Jan. 4 (UPI) -- Scientists have found a way to control exciton flows at room temperature, paving the way for the development of faster, more efficient electronics.
When an electron absorbs light, it gets bumped into a higher energy band. As quantum physics reveals, the newly energized electron leaves an "electron hole" behind. Because the high-energy electron has a negative charge and the hole has positive charge, the duo remain bound -- forming an exciton.
Excitons are only found in semiconducting and insulating materials, and their unique properties can be studied in 2D materials. Physicists regularly look for new quantum properties by combing 2D materials.
Recently, researchers in Switzerland layered tungsten diselenide with molybdenum diselenide, WSe2 with MoSe2, to create a new 2D metamaterial -- with new quantum properties. To test the combo's unique properties, scientists used a laser to excite the electron in the metamaterial, creating light beams with circular polarization.
Researchers at the Swiss Federal Institute of Technology in Lausanne, or EPFL, showed that by tweaking the layering of the two original 2D materials, scientists were able to create new interference patterns, altering the nature of the metamaterial's exciton behavior, and in turn, changing the polarization, wavelength and intensity of the light beams.

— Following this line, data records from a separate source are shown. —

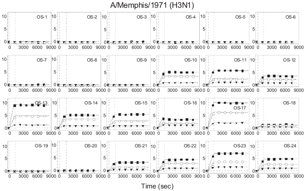 Figure 1 displays association-dissociation curves of A/Mem71 (H3N1) to surface-bound synthetic glycans. The ellipsometry sensor signal, displayed in arbitrary unit, is proportional to the surface mass density of the capture viruses. A signal of 20 corresponds to a fully covered monolayer of influenza A viruses. The virus binds to both α2-3-linked (OS-10 through OS-17) and α2-6-linked (OS-18 and OS-21 through OS-24) sialosides. It does not bind to glycans either lacking terminal sialic acids (OS-1 through OS-9) or having terminal but modified sialosides (OS-19 and OS-20). Dissociation of captured viruses is negligible over as long as 8 h. Such a remarkable stability of the virus-glycan complexes is due to the avidity effect—a single virus binding with multiple sialyl glycan receptors on the solid surface [42]. Avidity plays an important role in both virus infection and virus antigenic drift [43,44]. We use avidity constants extracted from the binding curves to characterize the receptor specificity of the virus. Such a receptor specificity profile can be compared with hemagglutinin assays as the latter are also avidity-based.
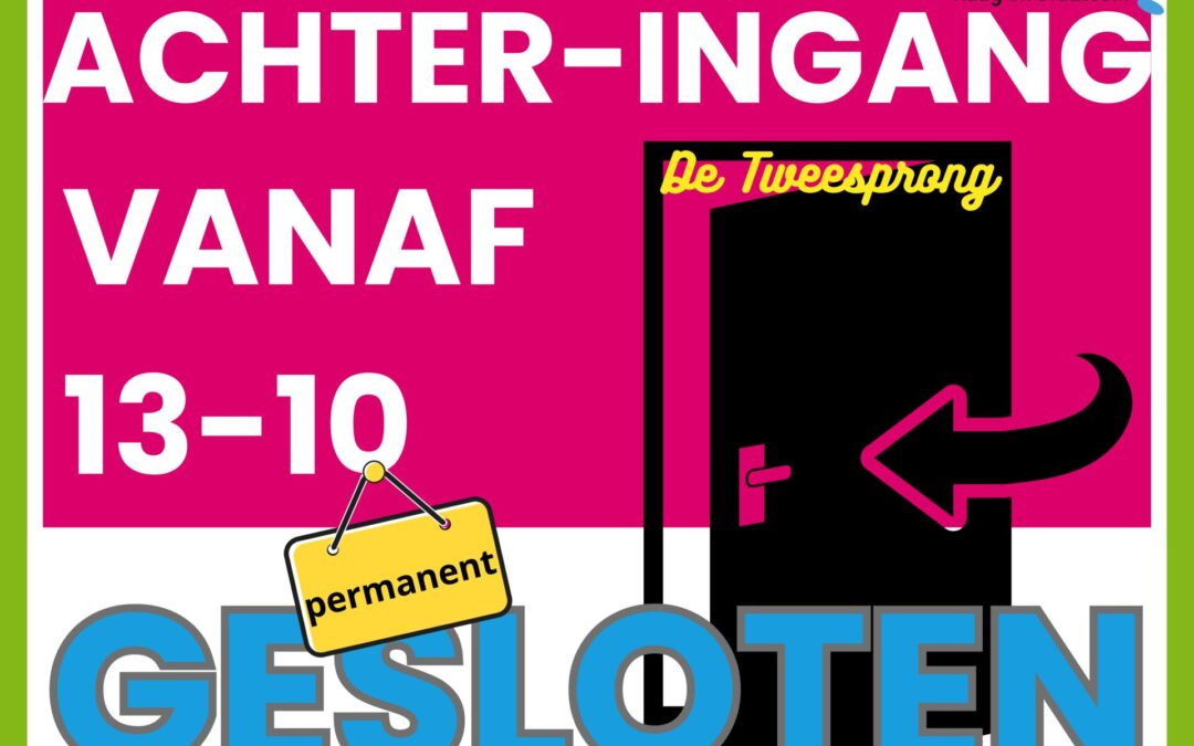 Vanaf maandag 13 oktober is de achteringang van sportcomplex De Tweesprong permanent gesloten. Deze beslissing is genomen naar aanleiding van meldingen van ernstige overlast, waardoor openstelling aan de achterzijde niet langer verantwoord is. We vragen alle bezoekers om voortaan uitsluitend de hoofdingang te gebruiken. Zo houden we het sportcomplex samen een veilige en prettige plek voor iedereen.
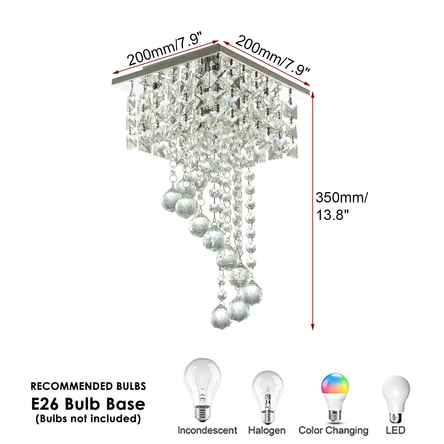 Chandelier Square Shape Crystal Ceiling Light
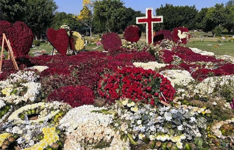 Videos e imágenes difundidos en plataformas digitales muestran el lugar prácticamente cubierto por coronas y ramos, algunos organizados en figuras y con una gran cruz elaborada con flores colocada en el centro del espacio funerario.
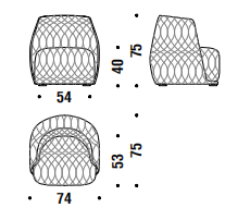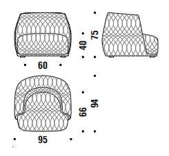 Espanso schiumato a freddo ignifugo e fibra poliestere con struttura interna in acciaio. Piedi in polipropilene. Il tessuto utilizzato per rivestire la collezione è trapuntato su disegno della designer Patricia Urquiola. La collezione Redondo è sfoderabile.

According to the new study, the patterning of the 2D materials works to change the energy difference between the electron and paired electron hole, which influences exciton flows. Scientists call this energy difference a "valley."

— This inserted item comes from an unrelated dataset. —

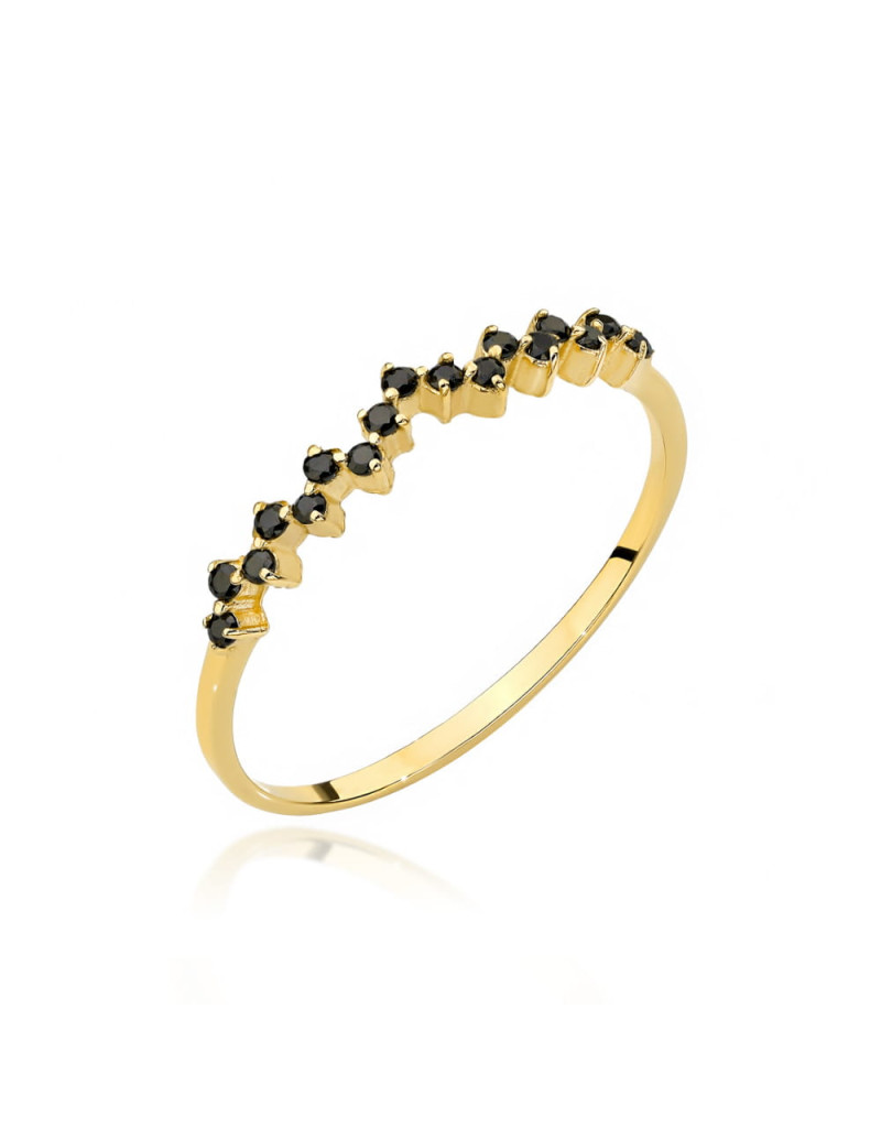 Pierścionek złoty oprawiony czarnymi cyrkoniami (Rozmiar pr. 585: 15 Gramatura: 1.11)
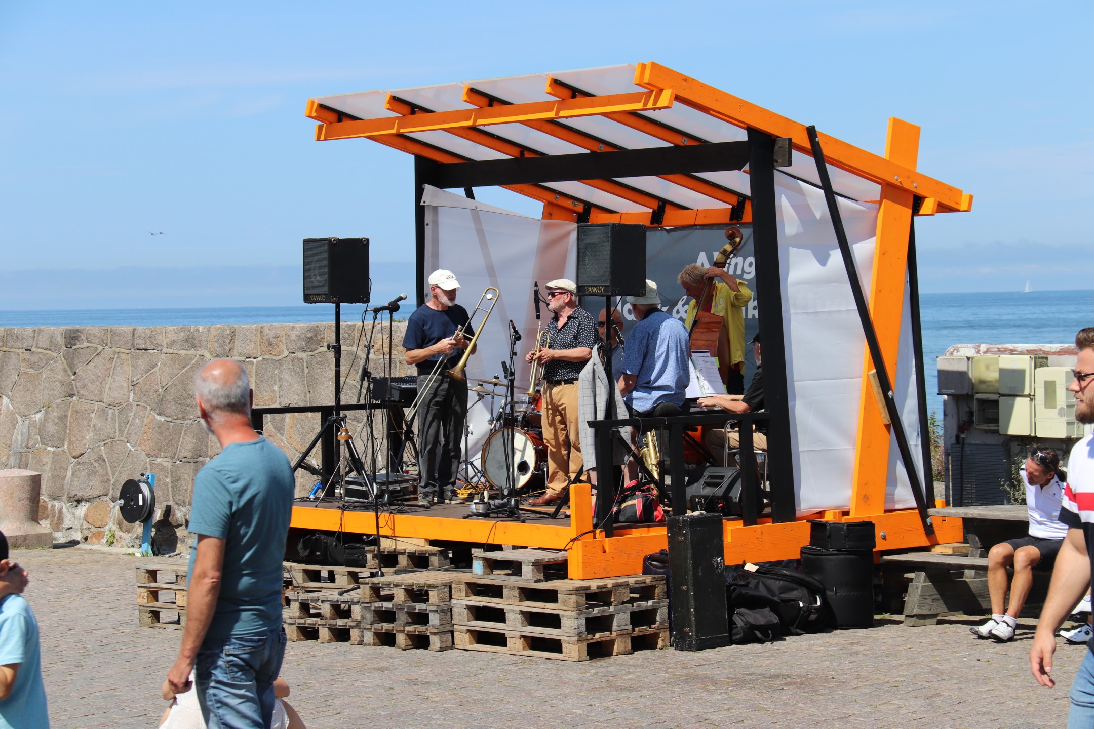 Når vi nu var i Sandvig kunne vi lige så godt også se Allinge, så vi kørte ind til Allinge og fandt ud af, at der var jazz og musikfestival på havnen. Så vi parkerede bilen, gik ned og hørte River City Jazz Band. Vi fik også købt nye solbriller til Lone i en nærliggende butik på havnen. Hendes solbriller havde nemlig valgt at eksplodere - ifølge Lones eget udsagn! 💣🕶

As the new research demonstrated, 2D materials can be combined to influence these valleys and their quantum effects. The study of valleys and their influence on quantum properties is called "valleytronics."

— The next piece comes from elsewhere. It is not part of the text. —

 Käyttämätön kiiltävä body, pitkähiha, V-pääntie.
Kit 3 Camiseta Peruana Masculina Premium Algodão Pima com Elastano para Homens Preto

Researchers described their newest valley-manipulation techniques in the journal Nature Photonics. Authors of the new paper think the control of valleys and their impact on exciton flows could be "leveraged to code and process information at a nanoscopic level," paving the way for a new generation of more powerful and efficient electronics.
"Linking several devices that incorporate this technology would give us a new way to process data," Andras Kis, head of EPFL's Laboratory of Nanoscale Electronics and Structures, said in a news release. "By changing the polarization of light in a given device, we can then select a specific valley in a second device that's connected to it. That's similar to switching from 0 to 1 or 1 to 0, which is the fundamental binary logic used in computing."